4. Quirky paint colors
You might love the deep blue walls in your dining room or bright green exterior paint, but these design flourishes can hurt your home’s resale value. Neutral shades tend to be more appealing to buyers, according to a recent survey by Zillow Digs, though you don’t have to eschew color entirely. Sage green and wheat yellow rooms actually helped boost a home’s selling price, the survey found.
“[T]o get the biggest bang for your buck, stick with colors that have mass appeal so you attract as many potential buyers to your listing as possible,” Svenja Gudell, Zillow chief economist, said in a statement. “Warm neutrals like yellow or light gray are stylish and clean, signaling that the home is well cared for, or that previous owners had an eye for design that may translate to other areas within the house.”
5. Shoddy staging
Staging your home can help increase its resale value, according to a survey by the National Association of Realtors (NAR). Home staging – or making a property more appealing to buyers by decluttering, rearranging furniture, and using other tricks to show off its best features – can increase a property’s value by anywhere from 1% to 10%, according to nearly half of experts surveyed. The living room and kitchen were the most important rooms to stage, they said.

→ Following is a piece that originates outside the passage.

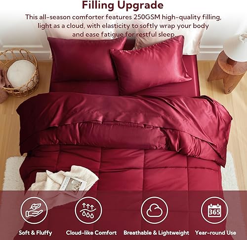 Innovative Reversible Design: Experience the luxury of satin without slipping! The side touching your skin is made of ultra-soft microfiber for a comfortable, non-slip sleep experience, while the reverse features glossy satin for an elegant look. Transform your bedroom with our reversible comforter!
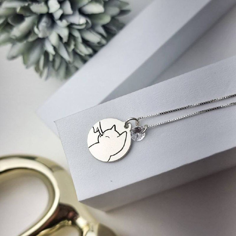 Colar de Prata Patuá Medalha Focinho Gatinho e Zircônia

On the other hand, lackluster staging can hurt a home’s value. “At a minimum, homeowners should conduct a thorough cleaning, haul out clutter, make sure the home is well-lit and fix any major aesthetic issues,” Chris Polychron, president of NAR and an executive broker with 1st Choice Realty in Hot Springs, Arkansas, said in statement. Small steps like putting away knickknacks and family photos, removing or replacing furniture that’s too big or too dark, and even putting out new, clean towels in the bathroom can all make your home more appealing to buyers, according to experts interviewed by Vogue.